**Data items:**
-*-

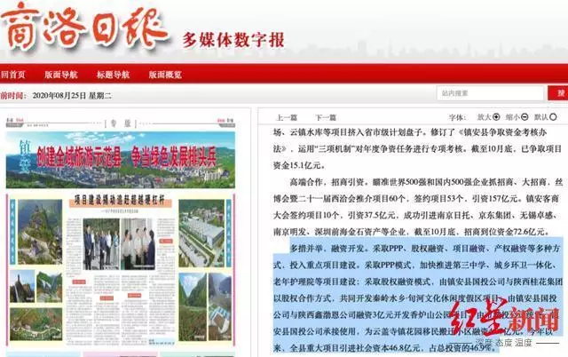 正是這一年,《商洛日報》在「項目建設撬動追趕超越硬槓桿」一文中,列舉了鎮安“多措並舉,融資開發”,投入重點項目建設的業績,其中就包括採取PPP模式,加快推進第三中學項目建設,當年“全縣重大項目引進社會資本46.8億元,佔總投資的46.9%。”
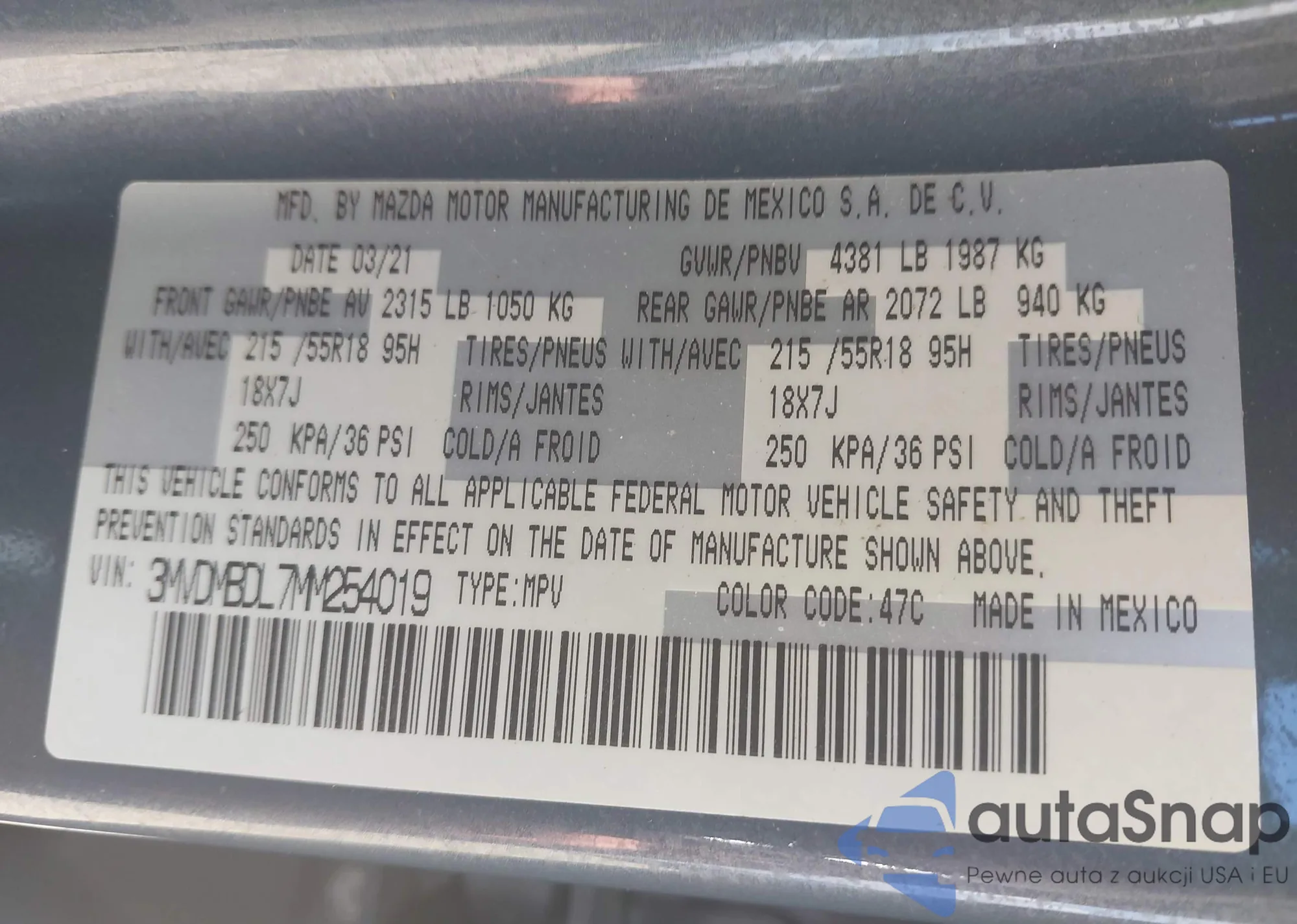 LOT: 43256815 VIN: 3MVDMBDL7MM254019
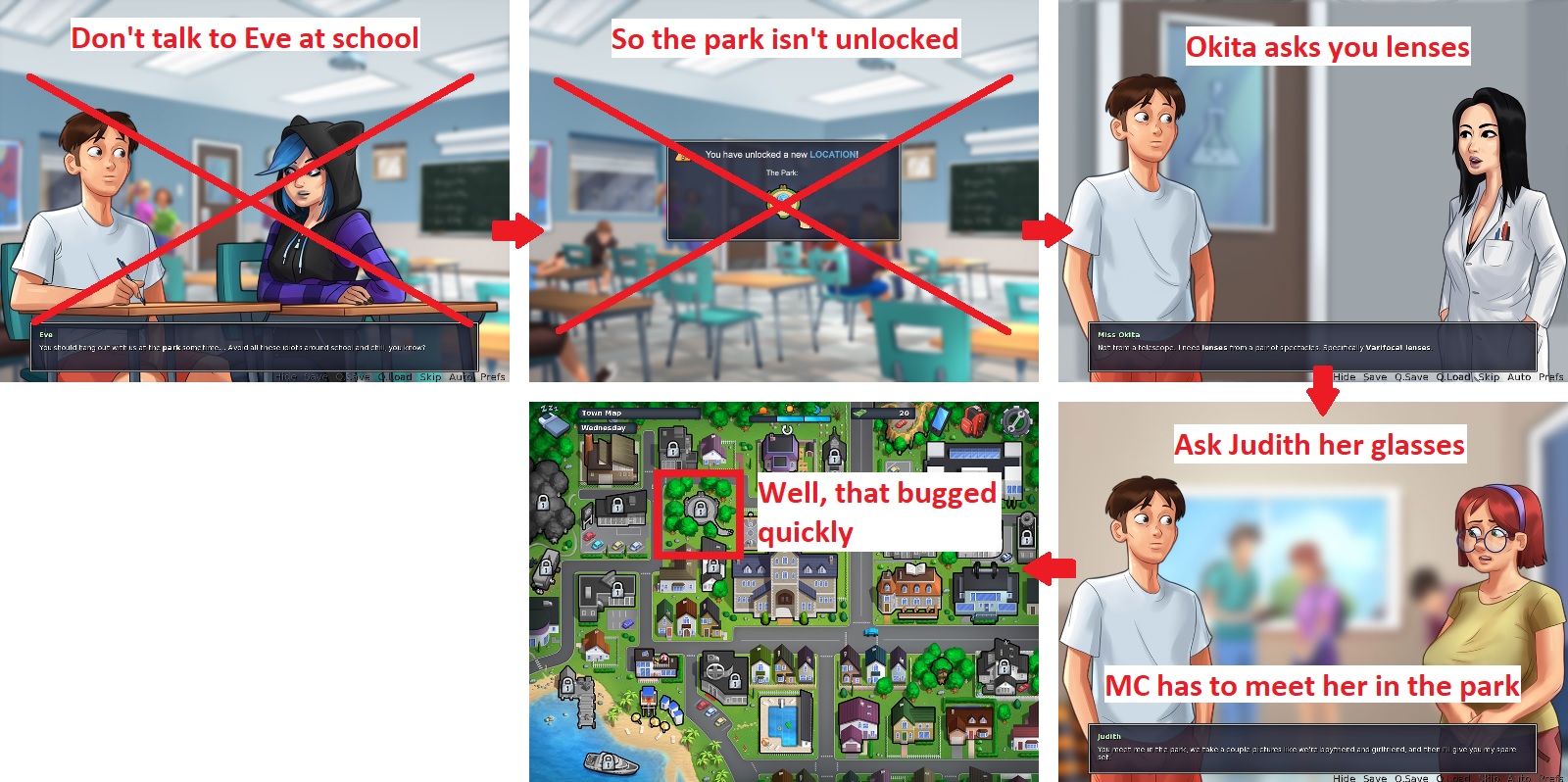 | Description | Version 0.16.1. See attachment. This bug was found by another player in Miss Dewitt's storyline. I reproduced it in Miss Okita's storyline, but I pretty sure it also blocks other parts of the game. To unlock the park, MC has to talk to Eve. Problems: • The talking only takes place in the French classroom. • The talking isn't mandatory. • You need access to the park for many quests (Dewitt, Okita, Treasure, etc.). • You don't have the information on what to do to unlock the area. Solutions: • Make the dialogue with Eve mandatory (on the first day of school, in the french classroom, after Miss Bissette's speech). The swimming pool, the beach and many other areas are unlocked this way. • Or check if the park is unlocked when an event asks you to go there. • Add the "Hang out" dialogue when MC talks to Eve in the school right hallway. | ||||
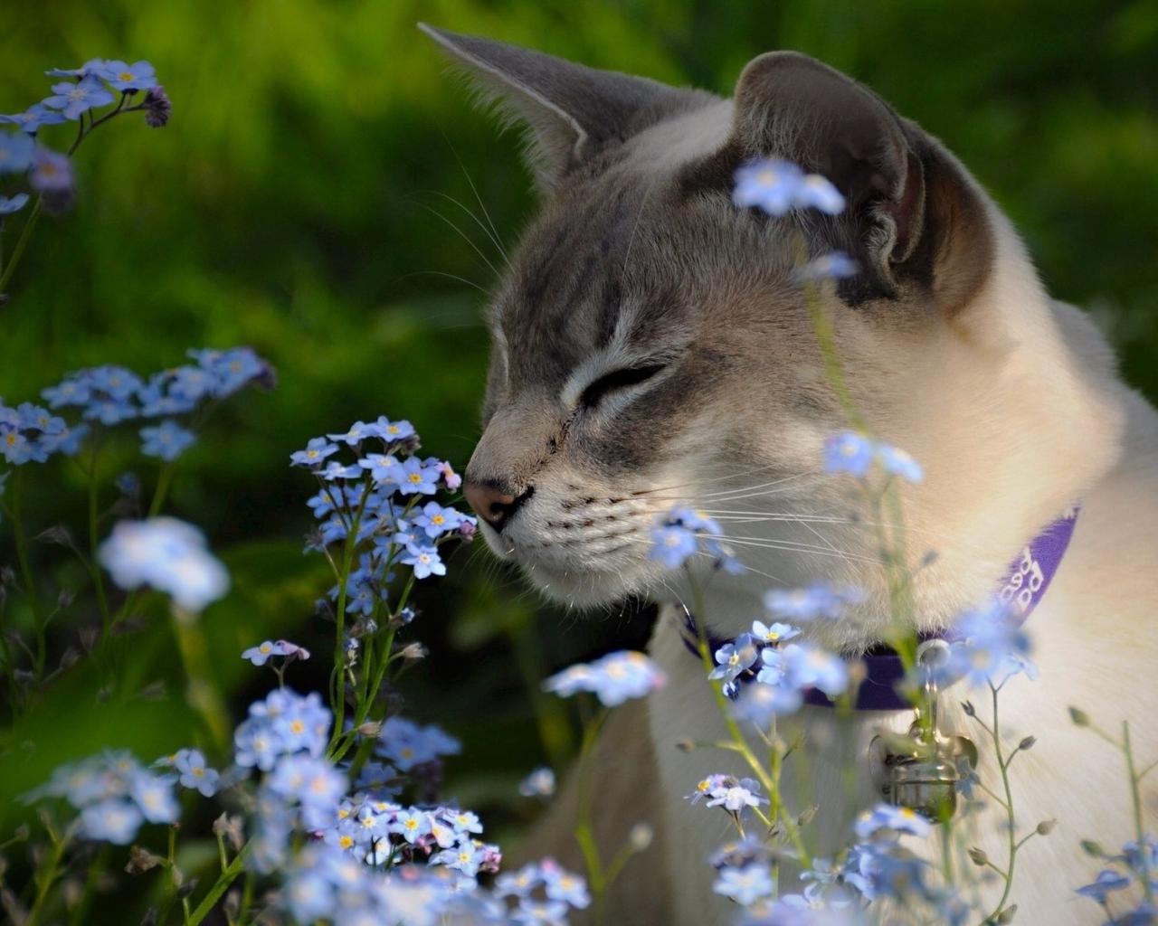 » Обои Тонкинская кошка в цветах
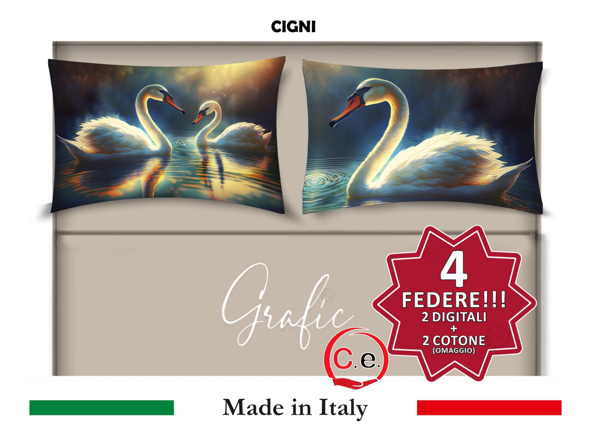 Completo Lenzuola Matrimoniale Disegno Cigni Grafic
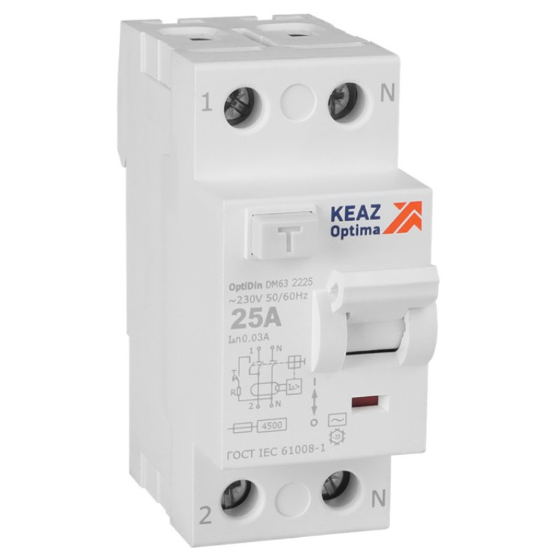 Выключатель дифференциального тока (УЗО) КЭАЗ OptiDin DM63-2225-AC-4,5-УХЛ4 без защиты от сверхтоков 2П 25А 30мА AС 4,5кА

-*-

**ACTIVITY:** Each entry above should be restated word for word, though no picture may appear in the copy.

**SOLUTION TO THIS EXERCISE:**
 正是這一年,《商洛日報》在「項目建設撬動追趕超越硬槓桿」一文中,列舉了鎮安“多措並舉,融資開發”,投入重點項目建設的業績,其中就包括採取PPP模式,加快推進第三中學項目建設,當年“全縣重大項目引進社會資本46.8億元,佔總投資的46.9%。”
 LOT: 43256815 VIN: 3MVDMBDL7MM254019
 | Description | Version 0.16.1. See attachment. This bug was found by another player in Miss Dewitt's storyline. I reproduced it in Miss Okita's storyline, but I pretty sure it also blocks other parts of the game. To unlock the park, MC has to talk to Eve. Problems: • The talking only takes place in the French classroom. • The talking isn't mandatory. • You need access to the park for many quests (Dewitt, Okita, Treasure, etc.). • You don't have the information on what to do to unlock the area. Solutions: • Make the dialogue with Eve mandatory (on the first day of school, in the french classroom, after Miss Bissette's speech). The swimming pool, the beach and many other areas are unlocked this way. • Or check if the park is unlocked when an event asks you to go there. • Add the "Hang out" dialogue when MC talks to Eve in the school right hallway. | ||||
 » Обои Тонкинская кошка в цветах
 Completo Lenzuola Matrimoniale Disegno Cigni Grafic
 Выключатель дифференциального тока (УЗО) КЭАЗ OptiDin DM63-2225-AC-4,5-УХЛ4 без защиты от сверхтоков 2П 25А 30мА AС 4,5кА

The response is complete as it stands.